In fact, it takes its inspiration from one of the best investors of all time—Warren Buffett. And the fact that it pays a near 4% dividend yield doesn’t exactly hurt, either.

Before I reveal this fund, let me explain something.

When someone says a CEF is “cheap,” they’re usually referring to the difference between how much that fund sells for on the market (its market price) and the intrinsic value of its portfolio if it were liquidated now—known as the net asset value, or NAV.

Because CEFs trade openly, like stocks, their market prices can diverge tremendously, since, unlike ETFs, their market prices aren’t anchored to their NAVs.

As you can probably imagine, this can be a huge opportunity.

How to Read CEF Discounts and Premiums

Premiums and discounts can vary widely. Currently, the CEF with the largest premium of all is the Stone Harbor Emerging Markets Income Fund (EDF), at a shocking 43.7%. That’s not normal—EDF actually traded at a discount less than three years ago, and has traded at a much smaller premium more recently.

Here’s the truly wild part: this has nothing to do with outperformance.

You’d expect the best CEFs to trade at the highest premiums, but that isn’t usually the case. In fact, EDF’s NAV return, even factoring in dividends, has barely broken even and is far below what an index fund would have gotten you in the same period!

EDF is exactly the kind of CEF you want to avoid: one with a huge premium all of a sudden not backed up by fundamental performance. That scenario can only end in tears, because when investors realize their mistake and start selling, you’re looking at that 43.6% premium turning into a 43.6% loss. On the other hand, the largest discount in CEFs belongs to the Boulder Growth & Income Fund (BIF), at a massive 16.2%, despite the fact that this CEF’s total return has kept up with the S&P 500!

What makes this more impressive is BIF’s 3.8% yield, a bit over double what the average S&P 500 stock pays. That means more cash payouts you can use as passive income—or reinvest to compound the gains you see here.

Choosing the Right CEF

BIF is a much better choice than EDF. If we zoom out, we see that BIF has trounced EDF for a long time...

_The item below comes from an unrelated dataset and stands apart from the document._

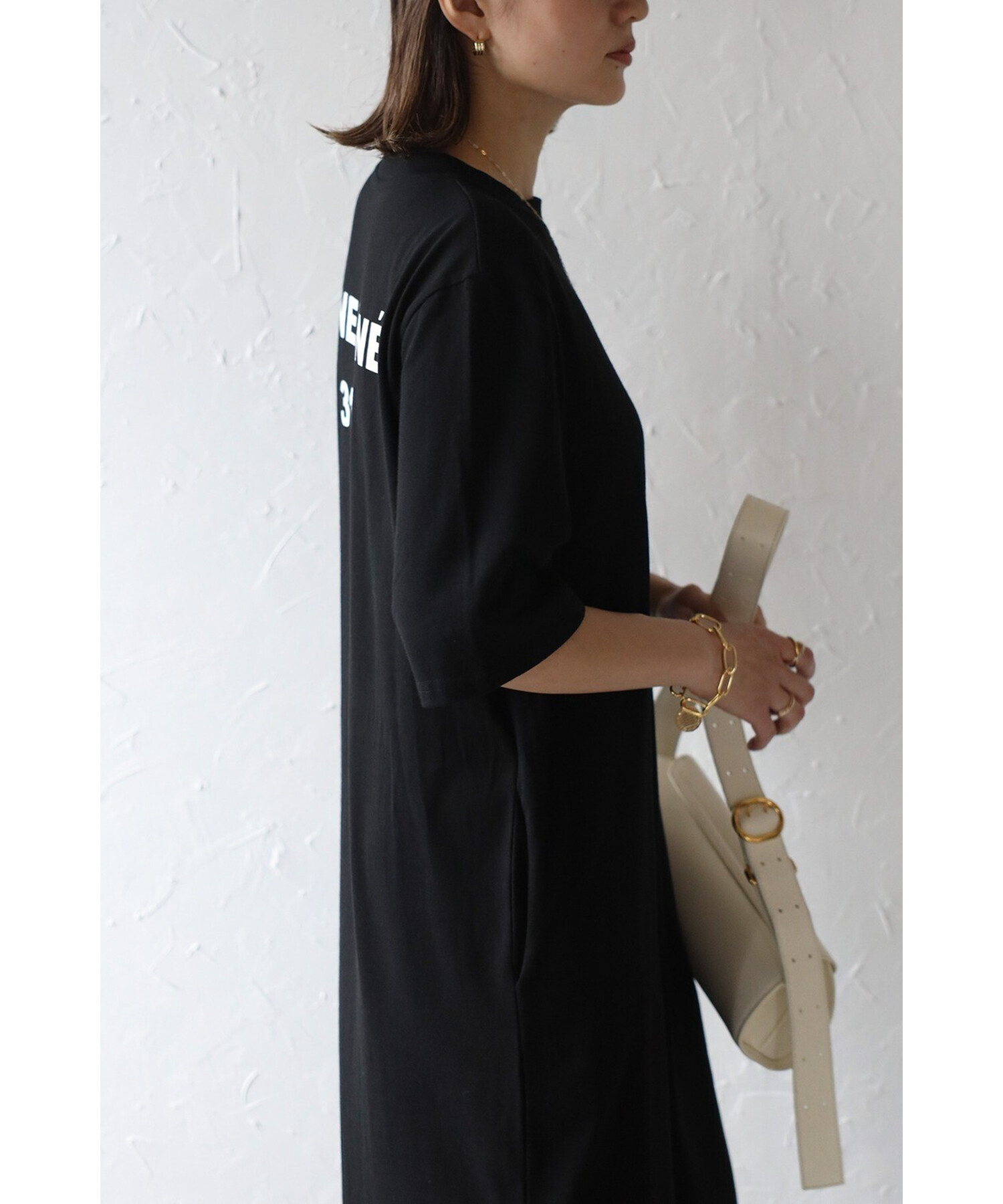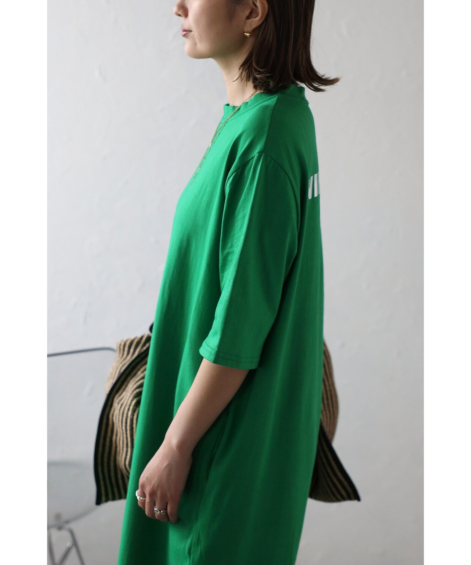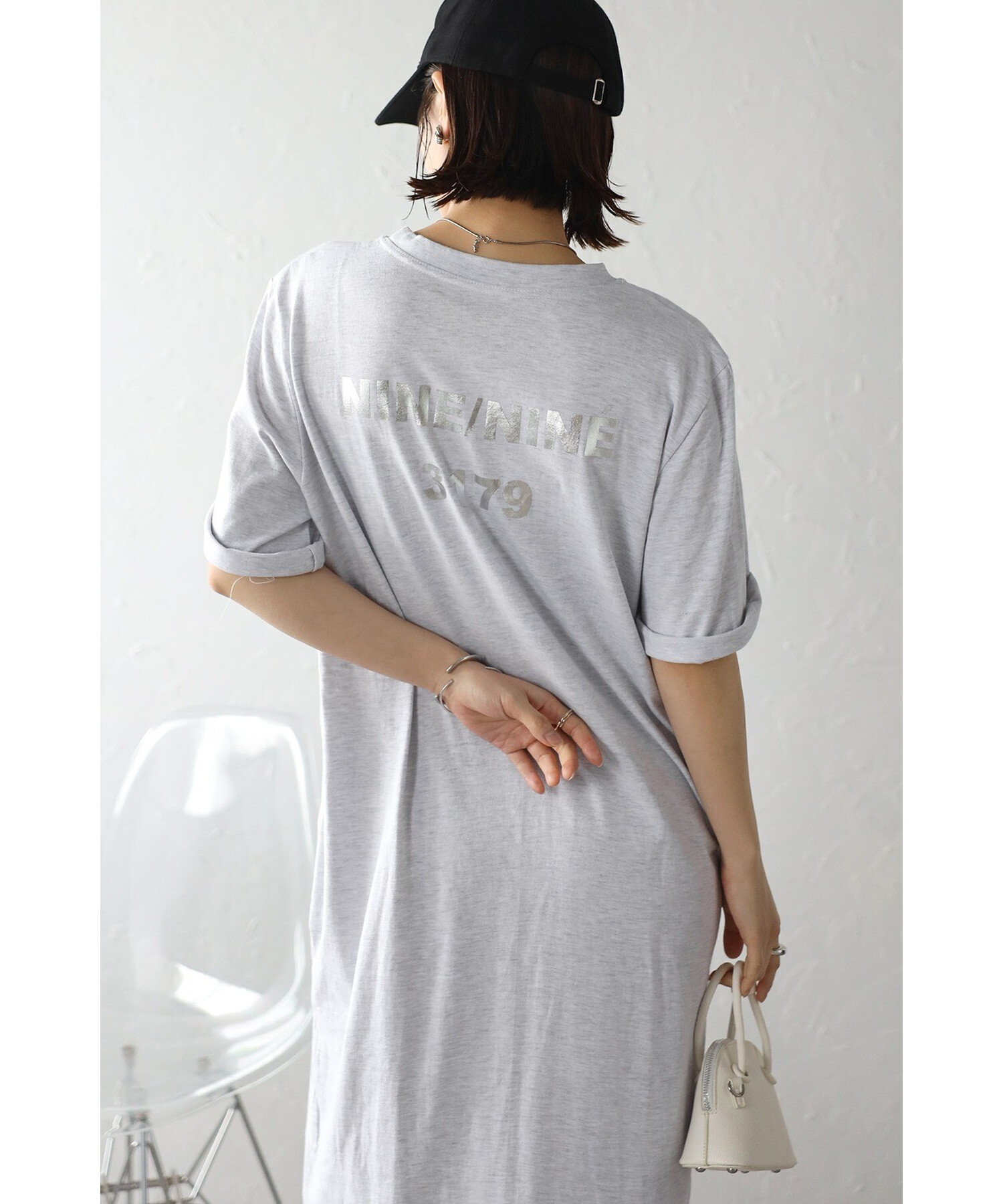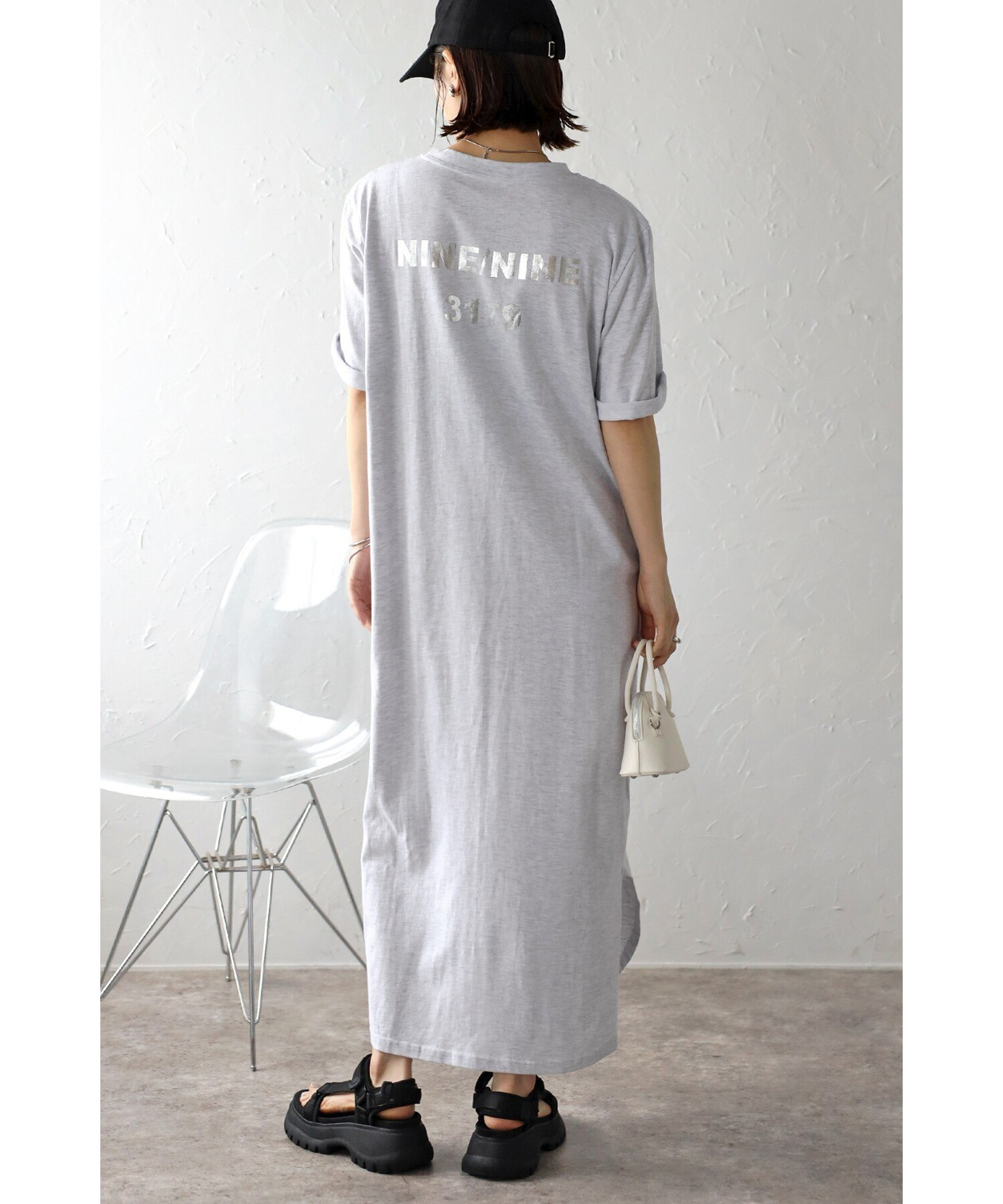 キャッチーなバックプリントが目を惹く、ロゴTシャツワンピース

Obviously, BIF is the one that deserves the premium—especially when we dig into its portfolio.

As a value fund, BIF is designed to focus on companies with large moats, reliable, growing cash flow and solid management—in other words, the strengths that have given Warren Buffett his massive market outperformance for over half a century. In fact, that’s where BIF got its inspiration: the fund invests a third of its assets in Berkshire Hathaway (BRK.A, BRK.B), its top holding. BIF diversifies further into names like Yum Brands (YUM), Cisco Systems (CSCO) and Walmart (WMT)—in other words, more companies with histories of focusing on cash flow and growing earnings.

This is why BIF has been a huge winner for years.

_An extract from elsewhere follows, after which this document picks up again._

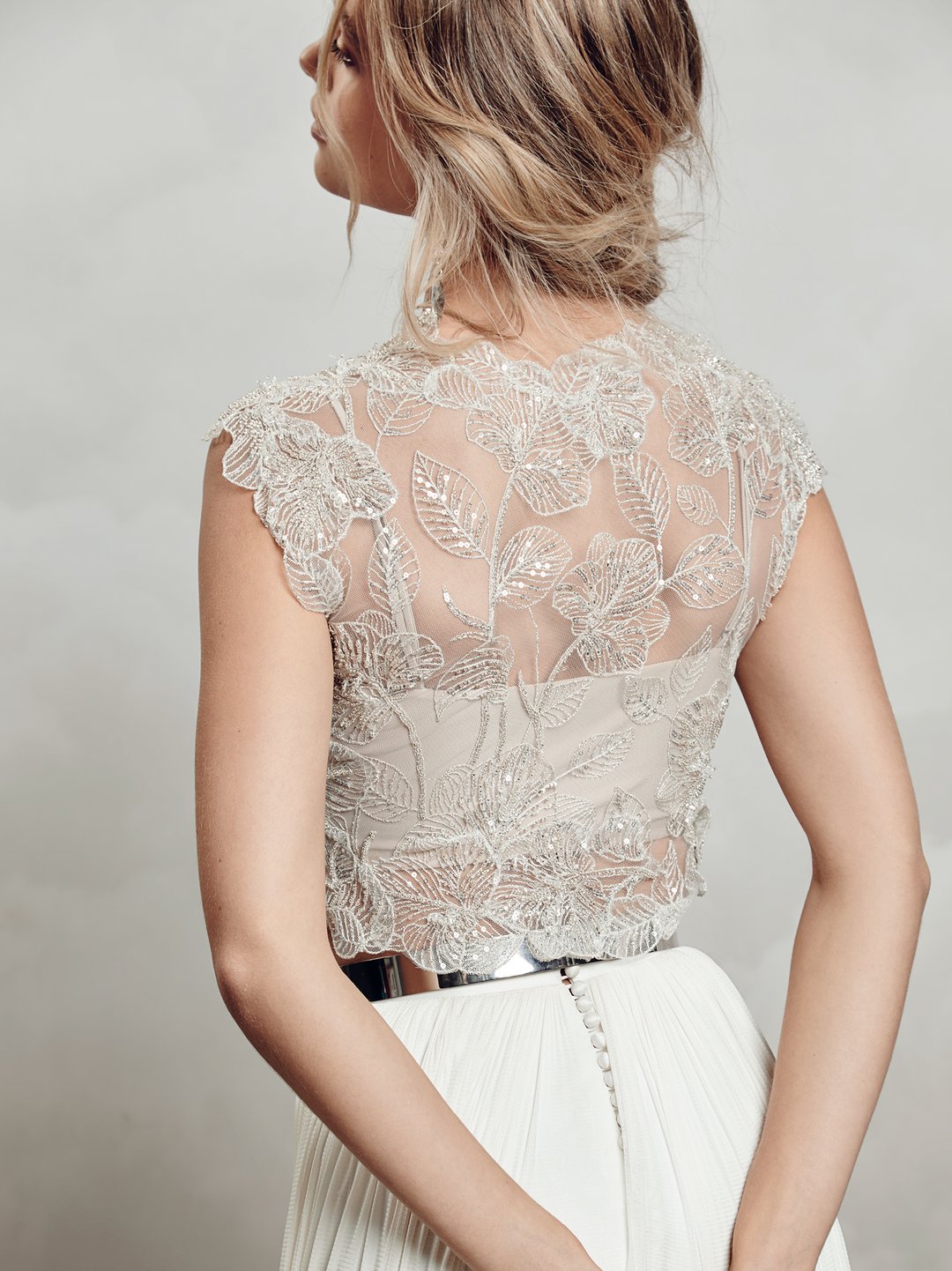 Indulge in your inner forest fairy fantasy with the scalloped edged Thea topper. This Exquisite beaded applique lace invites you to play with layering, transforming your look in a moment. An enchanting ceremony look.

The story with EDF is the opposite. EDF holds a bunch of risky debts from countries with unstable governments and currencies. Its largest holding is debt issued by Argentina—the same country that has defaulted a bunch of times over the years. Its other top holdings are debts from Russia, Iraq, Lebanon, Egypt and Ghana—not exactly places that inspire the most investor confidence.

No wonder EDF has barely turned a profit over the last three years.

It’s a Mad CEF World

That may make you wonder: why is BIF the one with the discount and EDF is overpriced? The answer is simple: CEFs are crazy.

I mean that literally. A rational market is one where prices are established through a rational analysis of fundamental value. ETFs are a rational market, as their prices tend to stay within 1% of their NAVs.

Mutual funds are a rational market, too, where any investor’s stake is equal to their ownership of the mutual fund’s assets. But CEFs are a wild west of random inflows and outflows of capital that do not represent intrinsic value.

That creates opportunities to buy in while the market is going crazy—and sell when it’s gone crazy in the opposite direction. That’s the opportunity now with BIF (and the risk with EDF).